Sunday, June 19, 2005

in dependent west

It's been a while since I posted, and I'm afraid this will not be a very substantial one. I've been working to finish off the quarter, giving exams and grading papers and...all that teaching stuff that seems so fun until it starts to keep us from our "real work." But I've kept on reading, and I've got one more book to go (which is a completely arbitrary choice on my part...but what else is this academia thing but a whole series of arbitrary choices?) before I start pulling my notes together into something more coherent. My dissertation chair has given me a July 1st deadline for a draft of my prospectus (and, believe me, the word "rough" in front of "draft" is definitely implied), so I'm hoping to make some more substatial posts here over the next few weeks as I start putting things together.

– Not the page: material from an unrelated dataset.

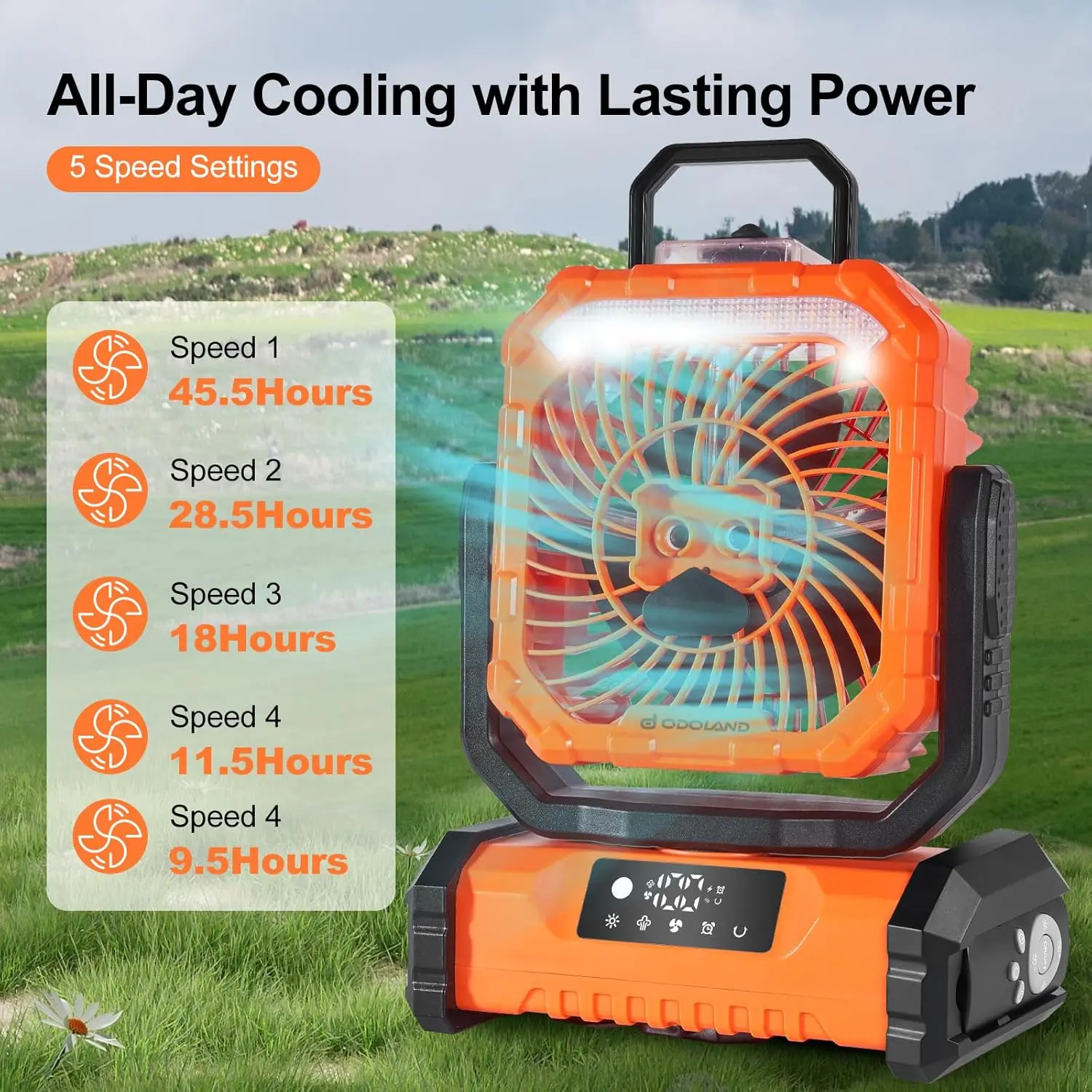 ·【Powerful and Quiet Wind】Odoland camping fan has 5 different speeds, designed to provide powerful cooling without an irritating noise. The maximum wind speed is 16 ft/s. The portable fan can work continuously for 9- 45 hrs.

I realize looking over what I've already posted here that I've been primarily talking about Western history, historiography, and myth. That's because that's what I've been reading lately. And as I get further into that, I learn much more and it gets harder for me to contextualize all this new information in terms of my own project. I'm being swept along by the new information, a sensation with which many of you are familiar, I'm sure.

But I don't want to give the impression that my project is going to be another monochrome look at the West and at frontier transitions. I really do want to ground this project just as much in concepts of landscape and human responses to it. When I first began reading in earnest for this prospectus, I started with some of the seminal human geography texts (primarily by Yi-Fu Tuan), and though I really only scratched the surface, these have given me much of the skeleton for what I imagine I will do with the West and Western literature. As I start bringing the pieces together this coming week, I'll hopefully be posting more about these theories, and I'd love to get some feedback on any of them (as I know many of you out there are interested in space/place, human ecology, ecocriticism, etc).

And now--having said that--some more notes on the West (I told you...arbitrary):

One of the more fascinating distinctions that I've discovered in the "New History" of the West is that between the ideal/mythic concepts of frontier independence (we all know this one...it's practically taught us in the womb), and the subsidized dependence that actually (and has always) proliferated in the West. We have enshrined our images of the frontiersman (and of ourselves) as entirely independent, cutting a new world from the rough, "unpopulated" terrain of this virgin landscape. These independent pioneers cut all ties with the Old World, turned their backs on the East, and headed off into the wilderness with nothing but their will and their wiles. And this has come to be an archetypal image of the American. Independent. Self-reliant. And the West stands as the museum to that ideal. We in the West continue to enact (and have enacted upon us) the fantasy of the rugged individualist. The lone cowboy on the lone prairie.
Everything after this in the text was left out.